J'écris sous la torture et ça me plait. Parce que j'aime les contraintes, parce que "même grasse, la risette du Mans n'a jamais fait de mal à personne" et parce que "Ne rien dire, nuit gravement à la santé"
lundi 23 mai 2011
Sin city
Ignorant le gros remorqueur qui barbote à deux pas du trafic routier de Tropicana Avenue, je longe le pont de Brooklyn noyé dans sa perpétuelle brume. Ca ne remplace pas une douche ni un coup de Jasnières bien frais mais ça requinque quand même. Ejectés du New York-New York les wagons du roller coaster déboulent au dessus de ma tête dans leur assourdissant fracas métallique mais j'en ai pris l'habitude et je poursuis ma course infernale. Dans mon dos l'énorme félin doré de la MGM rugit aux derniers rayons du soleil couchant; je sais, je suis encore à la bourre!

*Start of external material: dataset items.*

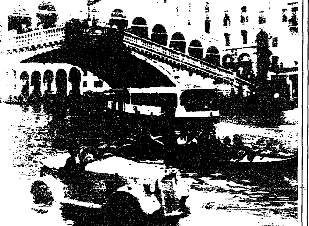
... وللوارب كرفالها في مدينة البندقية، فقد شهدت اقنية هذه المدينة في الرابع من الشهر الجاري تظاهرة حاشدة شاركت فيها قوارب مبتكرة، عمد اصحابها الى اعتماد الاشكال الغربية، فسارت سيارة الجاغوار الخشبية الى جانب الغنول التقليدي البندقية.
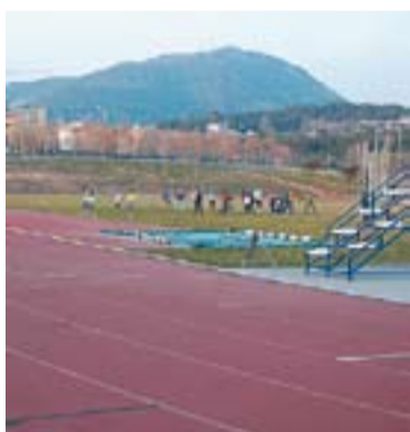
Club Atlètic Castellar
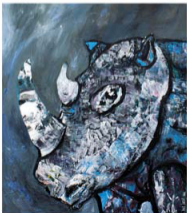
Nosorzi , 90 x 80 cm, akril na platnu, 2023
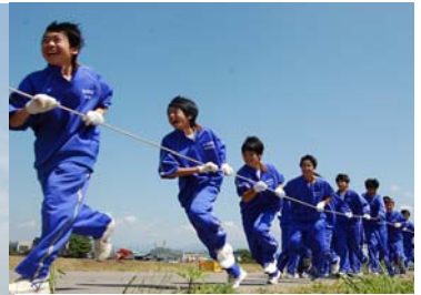
▲力を合わせて全力疾走！中之島中学校1年生の地絡め体験

◀中之島中央小学校5年生は、手作りの凧を手に、元気よく堤防を走り、空高く凧を揚げました。
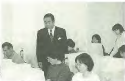
アイ・シティまつどIT講習会で

入学式や桜まつりに春の訪れを感じていたのが、つい昨日のことのようですが、気がつけばもう4月も終わろうとしています。新年度に際して、引き続き、皆さんとのパートナーシップを大切に、開かれ
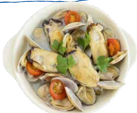
似島産 牡蠣・アサリ アヒージョ
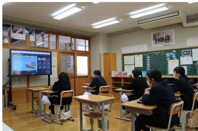
職業講話（オンラインで実施）
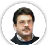
کامران شرفشاهی، شاعر و مؤلف ادبیات عاشق‌ورایی:
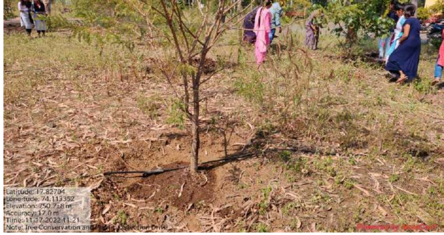
झाड संवर्धन करताना महाविद्यालयाचे स्वयंसेविका व स्वयंसेवक
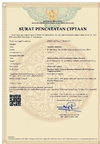
Gambar 2 HaKI
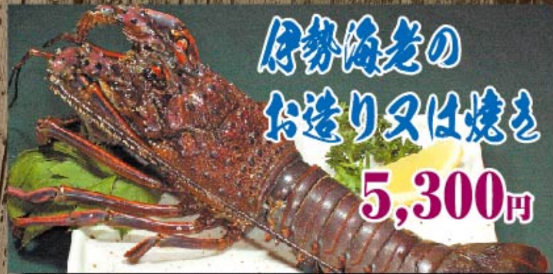
伊勢海老の お造り又は焼き 5,300円
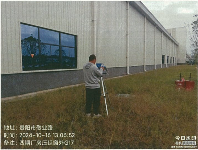
四期厂房压延窗外 G17
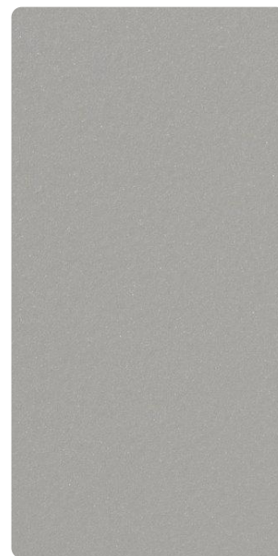
4201E75281L3F Grey Cloud
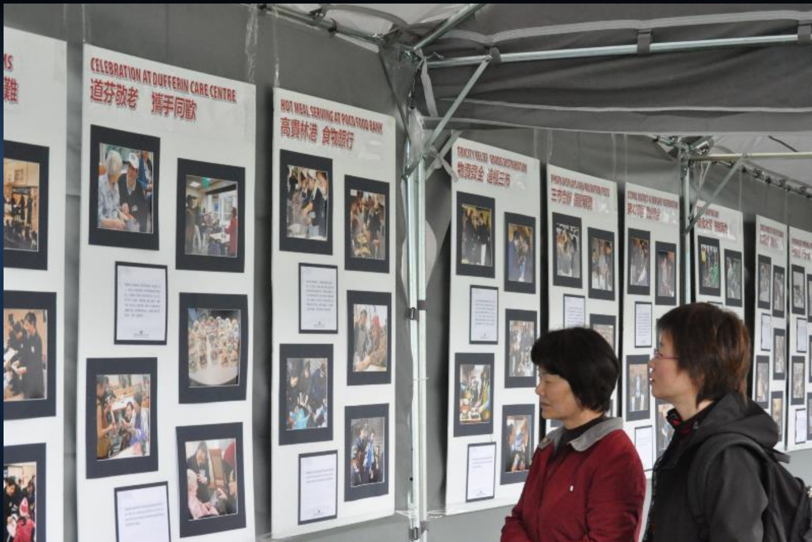
加拿大分會慈濟45周年慶系列活動，攝影展，民眾觀看慈濟攝影照片。 2011/05/08 地點：加拿大卑斯省(British Columbia)列治文市(Richmond)

J'accélère en direction des fontaines du Bellagio qui explosent aux nues sur un dernier accent Pavarottien... pour une fois j'ai échappé à Céline - pas l'écrivain, la chanteuse. A cette heure je dois louvoyer au milieu des groupes de touristes agglutinés autour du lac, l'oeil rivé au caméscope.
En face, la demi-portion de tour Eiffel joue les grandes dames, ignorant les trois cent cinquante mètres du perchoir qui m'attend là-bas au bout du Strip.
Dix neuf heures cinquante cinq: avec un peu de chance j'éviterai l'éruption du Mirage et son torrent de lave, pour l'heure le volcan ruisselle comme un gros baba au rhum en attendant de se déchaîner à en faire gondoler les barques du Venetian d'en face.
Quelle idée j'ai eue d'accepter ce job à Stratosphère, moi qui meurs de vertige rien qu'en montant sur une balançoire? J'aurais jamais dû écouter Brenda, ses idées loufoques et ses arguments à la noix.
Pour moi toutes ces lumières, ces casinos et ces touristes en tongs c'étaient des images d'Epinard, et aujourd'hui c'est juste galop, boulot, dodo!
Brenda ne comprend pas pourquoi je m'obstine à aller bosser à pied mais c'est plus fort que moi, cette circulation me donne la nausée, et puis six kilomètres ça fait à peine quatre miles!
J'arrive liquéfié au pied de la tour infernale, je dois avoir l'air d'un gogol dans mon jogging rose mais le gorille d'ascenseur est habitué et m'adresse son ''Hiii'' hebdomadaire en me tapant dans le dos. Plus question de reculer.
Dans une poignée de secondes j'aurai ravalé deux fois mon quatre heures et atteint le 24ième étage. Faut être vicieux pour avoir conçu un truc aussi speed! ''Sin city'' comme y disent fièrement.
Dans cinq minutes j'aurai pris ma douche et endossé mon beau costume de room service.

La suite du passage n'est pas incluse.